The optical film 30 disposed on the rear surface of the liquid crystal panel 20 includes a base film and a bead layer coated on the base film layer. The optical film 30 diffuses the light from the surface light source 40 and supplies it to the liquid crystal panel 20. The surface light source 40 may have a dark space on the screen when the optical film 30 is absent because there is a space dividing part 42 in which no light is emitted and no light is generated.

The optical film 30 may further include a prism film, a reflective polarizing film, a protective film, and the like.
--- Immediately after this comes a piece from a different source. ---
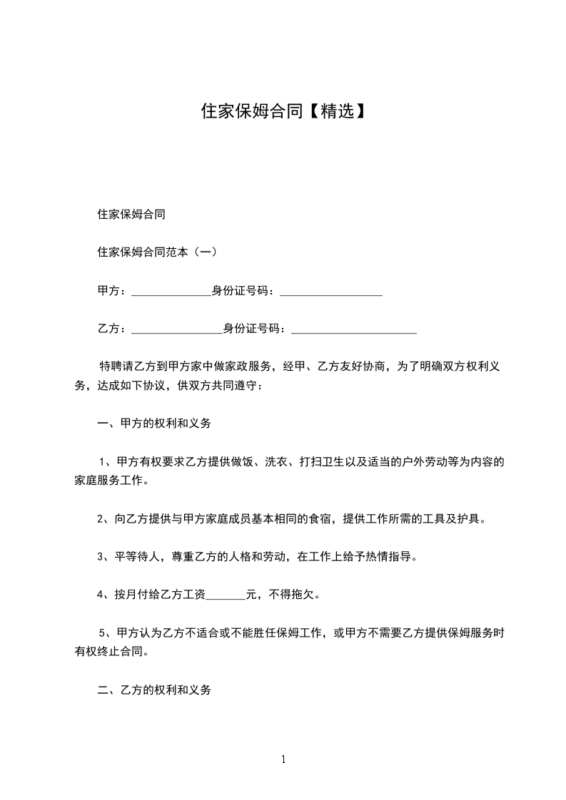 今有甲方夫妇因工作繁忙,特聘请乙方为甲方做家政宝马工作,经甲乙双方本着平等、自愿的原则友好协商,达成如下协议:

As shown in FIG. 1, the surface light source 40 includes a plurality of light emitting parts 43 extending in one direction of the plane of the liquid crystal panel 20 to supply light to the rear surface of the liquid crystal panel 20, and the light emission. And a space dividing portion 44 positioned between the portions 43. As shown in FIG. 2, the cross section II-II of the light emitting part 43 cut perpendicular to the extending direction of the light emitting part 43 is a semicircular shape protruding toward the liquid crystal panel 20. The surface light source 40 includes the lower glass 41 and the upper glass 42 which are mutually sealed to form the light emitting part 43. At least one of the lower plate glass 41 and the upper plate glass 42 is coated with a phosphor, and the light emitting unit 43 is filled with a light emitting gas composed of mercury / neon and the like. The upper glass 42 has a form of a formed glass, which is generally wavy or wave-shaped, and a space divider 44 is positioned between adjacent light emitting parts 43. The space dividing portion 44 of the upper glass 42 supports the light emitting portion 43 while being in contact with the lower glass 41. Since no light emitting gas exists in the space dividing unit 44, no light is generated.

Unlike the embodiment described above, the surface light source 40 may use a top plate glass 42 that is not structured, that is, plate-like, such as the bottom plate glass 41. In this case, a spacer is used to maintain the gap between the lower glass 41 and the upper glass 42. In this structure, the portion where the spacer is located becomes the space dividing portion 44 of the above-described embodiment, and forms a dark line.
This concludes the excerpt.